MUSI RAWAS – Kapolres Musi Rawas, AKBP Agung Adhitya Prananta, S.H., S.I.K., M.H., memimpin upacara peringatan Hari Lahir Pancasila Tahun 2026 yang digelar di halaman apel Mapolres Musi Rawas, Desa Muara Beliti Baru, Kecamatan Muara Beliti, Kabupaten Musi Rawas, Senin (1/6/2026).
Upacara tersebut dihadiri Wakapolres Musi Rawas Kompol Azmi Halim Permana, S.I.K., M.A.P., para pejabat utama (PJU), personel Polres Musi Rawas, serta peserta upacara lainnya. Peringatan Hari Lahir Pancasila tahun ini mengusung tema “Pancasila Pemersatu Bangsa, Fondasi Perdamaian Dunia.”
Dalam kesempatan tersebut, AKBP Agung Adhitya Prananta membacakan amanat Kepala Badan Pembinaan Ideologi Pancasila (BPIP) RI, Prof. Drs. K.H. Yudian Wahyudi, M.A., Ph.D.
Dalam amanatnya disampaikan bahwa peringatan Hari Lahir Pancasila bukan sekadar seremoni tahunan, melainkan momentum refleksi untuk memastikan nilai-nilai Pancasila tetap hidup dalam kehidupan berbangsa dan bernegara.
“Tema yang diusung dalam Peringatan Hari Lahir Pancasila Tahun 2026 adalah ‘Pancasila Pemersatu Bangsa, Fondasi Perdamaian Dunia’, sebuah pernyataan tegas bahwa nilai-nilai luhur Pancasila tidak hanya relevan untuk menjaga keutuhan bangsa Indonesia, namun juga menjadi jawaban bagi terciptanya perdamaian dunia yang abadi,” ujar Kapolres saat membacakan amanat.
Dikatakannya, Pancasila telah terbukti menjadi “bintang penuntun” yang menjaga Indonesia tetap kokoh di tengah berbagai tantangan global.

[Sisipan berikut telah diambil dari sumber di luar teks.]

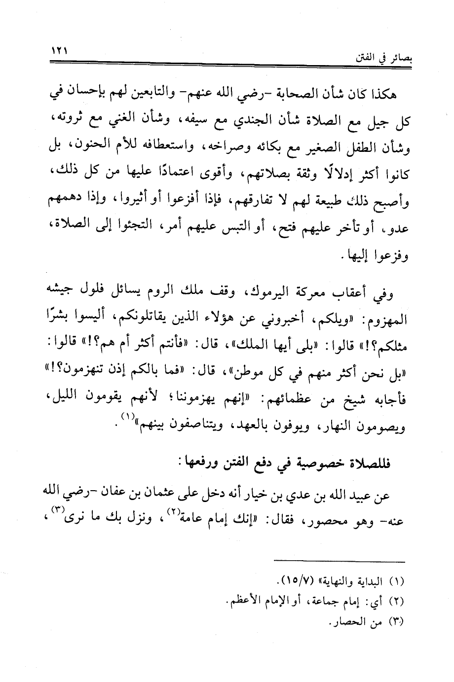 هكذا كان شأن الصحابة - رضي الله عنهم- والتابعين لهم بإحسان في كل جيل مع الصلاة شأن الجندي مع سيفه، وشأن الغني مع ثروته، وشأن الطفل الصغير مع بكائه وصراخه، واستعطافه للأم الحنون، بل كانوا أكثر إدلالًا وثقة بصلاتهم، وأقوى اعتمادًا عليها من كل ذلك، وأصبح ذلك طبيعة لهم لا تفارقهم، فإذا أفزعوا أو أثيروا، وإذا دهمهم عدو، أو تأخر عليهم فتح، أو التبس عليهم أمر، التجئوا إلى الصلاة، وفزعوا إليها.

Dengan keberagaman yang terdiri dari lebih dari 17 ribu pulau dan ratusan etnis, Indonesia mampu menunjukkan bahwa persatuan dapat terwujud dalam bingkai kebangsaan yang kuat.
“Pancasila adalah jangkar moral kita dalam menghadapi turbulensi global, mulai dari disrupsi teknologi hingga dinamika geopolitik,” katanya.
Lebih lanjut disampaikan, Indonesia memiliki tanggung jawab konstitusional untuk ikut menjaga ketertiban dunia yang berdasarkan kemerdekaan, perdamaian abadi, dan keadilan sosial sebagaimana diamanatkan dalam Pembukaan UUD 1945.
Menurutnya, nilai musyawarah dan mufakat yang terkandung dalam Pancasila menjadi instrumen diplomasi yang sangat dibutuhkan dunia saat ini untuk menjembatani perbedaan dan menghentikan konflik. Hal itu tercermin dari kontribusi Indonesia dalam misi perdamaian dunia di bawah bendera Perserikatan Bangsa-Bangsa (PBB), mediasi konflik regional, serta konsistensi menyuarakan keadilan bagi bangsa-bangsa yang masih terjajah.
“Kita ingin dunia melihat bahwa perdamaian bukan sekadar ketiadaan perang, melainkan hadirnya keadilan bagi seluruh umat manusia,” tegasnya.
Dalam amanat tersebut juga disampaikan ajakan kepada seluruh elemen bangsa, khususnya generasi muda, untuk menjadikan Pancasila sebagai ideologi yang hidup dan terus diamalkan dalam kehidupan sehari-hari.
Selain itu, para menteri dan kepala daerah diminta memastikan setiap kebijakan publik berlandaskan keadilan sosial, memenuhi rasa keadilan masyarakat, serta menjamin hak-hak kelompok masyarakat yang paling membutuhkan perhatian.
“Kita harus terus melawan segala bentuk intoleransi dan radikalisme yang dapat merusak harmonisasi kebangsaan kita,” ujarnya.
Menutup amanat, seluruh elemen bangsa diajak untuk terus memperkuat komitmen kebangsaan serta menunjukkan kepada dunia bahwa Indonesia adalah bangsa besar yang menjunjung tinggi nilai religiusitas, persatuan, dan kemanusiaan.
“Selama darah Indonesia masih mengalir di tubuh kita, Pancasila akan senantiasa hidup dalam setiap denyut nadi seluruh anak bangsa di Republik yang kita cintai,” pungkasnya.